Simmer in the city: Regarding Jason Sheehan's "All Things to All People," in the February 23 issue:

As a seventeen-year Lafayette resident, I must protest Sheehan's characterization of the city as a place "where Taco Bell is a reasonable choice for Mexican and Olive Garden is haute-fucking-cuisine." Anyone who knows the city would choose La Familia for Mexican, and there isn't an Olive Garden closer than Boulder or Westminster -- so Sheehan's gibe, while it might sound clever, is basically meaningless.

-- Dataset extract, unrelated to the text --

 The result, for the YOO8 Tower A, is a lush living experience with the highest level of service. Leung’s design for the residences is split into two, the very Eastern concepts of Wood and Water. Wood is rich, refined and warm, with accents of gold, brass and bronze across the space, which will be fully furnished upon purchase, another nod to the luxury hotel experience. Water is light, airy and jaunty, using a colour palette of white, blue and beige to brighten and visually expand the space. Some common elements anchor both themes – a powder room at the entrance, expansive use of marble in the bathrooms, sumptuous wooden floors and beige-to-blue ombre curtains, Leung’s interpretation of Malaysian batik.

Perhaps Sheehan should actually know something about the city before summing it up and writing it off. His mistaken assessment may have been due to the fact that he didn't actually know where he was. Magnolia, where he was dining, is by no means "in the middle" of Lafayette; it's out on the farthest possible western edge of the city limits. It's in a perfect spot to serve the wealthy populations of the giant new developments on that side of town, but the real city center is a good three miles southeast of it.

Connie Oehring

Here's a Tip

The hard sell: Having worked in the service industry for a number of years (first as a waitress at a box-chain restaurant, and later as a hair stylist), you might find it shocking that I agree with the anonymous "tipper" who wrote a letter published in the February 16 issue. Yes, servers' base pay is horrible (and ought to be illegal!), but that doesn't mean they should expect a gratuity; service is a sales position, and it is a server's job to sell herself! Bottom line: If your service is crap, your tips will be crap.

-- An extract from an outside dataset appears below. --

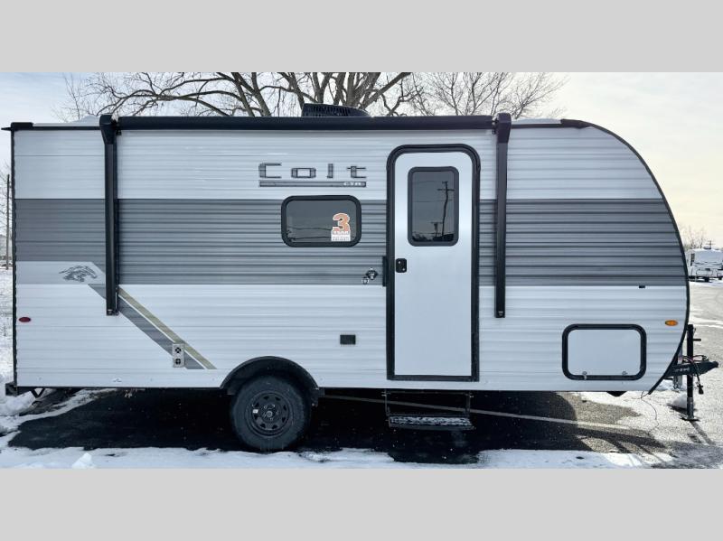 With any Colt travel trailer by Open Range RV, you can be sure you're getting a budget-friendly unit designed to fit your lifestyle! Each one is built to last with a PVC roofing membrane and built-in A-frame, plus there are nitrogen-filled radial tires and self-adjusting electric brakes for easy towing. You will appreciate the utilities that include 30-amp service, an A/C unit, and an on-demand tankless water heater. A few interior comforts include vinyl flooring throughout, solid hardwood cabinet doors, and residential grade kitchen countertops to make your space feel more like home. There are additional features available, depending on the edition you choose, along with available options to further customize your Colt travel trailer!

By the way, stylists get stiffed far more often than do servers, and we actually have to touch our customers!

Sarah Hoskovec

Setting the Stage

Scene-stealer: Juliet Wittman's reviews are incisive, insightful and informative. They are my main read in Westword. Thank you.

Barbara Moe

Never Apologize

She'll take romance: Regarding Michael Roberts's piece on Il Divo in the February 23 Playlist:

Apologize for being an Il Divo fan? Never. In fact, I plead guilty to all charges leading up to their success in the U.S. It's about time we actually got some class -- and talent -- back in the music industry. What I'm hearing on the radio bores me. One artist sounds like the act before and the act after; no one comes across in a unique style. Is it really so terrible to support something different and beautiful? The overflowing romance and passion that Il Divo delivers through its music infinitely surpasses the moaning mainstream music.

No, I'm not one of the forty-something fans who make up a huge part of their fan base. I'm eighteen, and actually have good taste in music. But don't you think its pretty amazing that there's something about the music of these four guys that appeals to more than one generation, let alone to different cultures?

I'm sorry that Michael Roberts's taste and appreciation for music, real music, is not more fine-tuned. Hopefully, one day he'll realize the full impact and beauty of Il Divo.

Brittany Vasilak
Brant Lake, New York

Unwashing our hands of them: Is Michael Roberts's in-box chock-full of enraged ladies' e-mails yet? He'll be set right before long about how his ears must be shot, how success and popularity justify themselves, how he has no artistic taste (obviously), and how he can't be objective, because he doesn't love Il Divo. And by the way, his mother is a whore.

Is our outrage at this shlock of the same nature as a "good liberal" and "true conservative" being outraged at what the Bush administration does, while the rest of the country doesn't care? It begs the question of whether we should not simply concede to the "great unwashed" their (lack of taste), rather than remain arbiters of our own.

Jens F. Laurson
Washington, D.C.

Simon says: Michael Roberts's opinion (such base use of English cannot be called a critique) of Il Divo is based on ignorance. I doubt he has even listened to the CD. He has read a few other reviews and decided to puff out his chest and swagger with so-called wit and acerbic vitriol.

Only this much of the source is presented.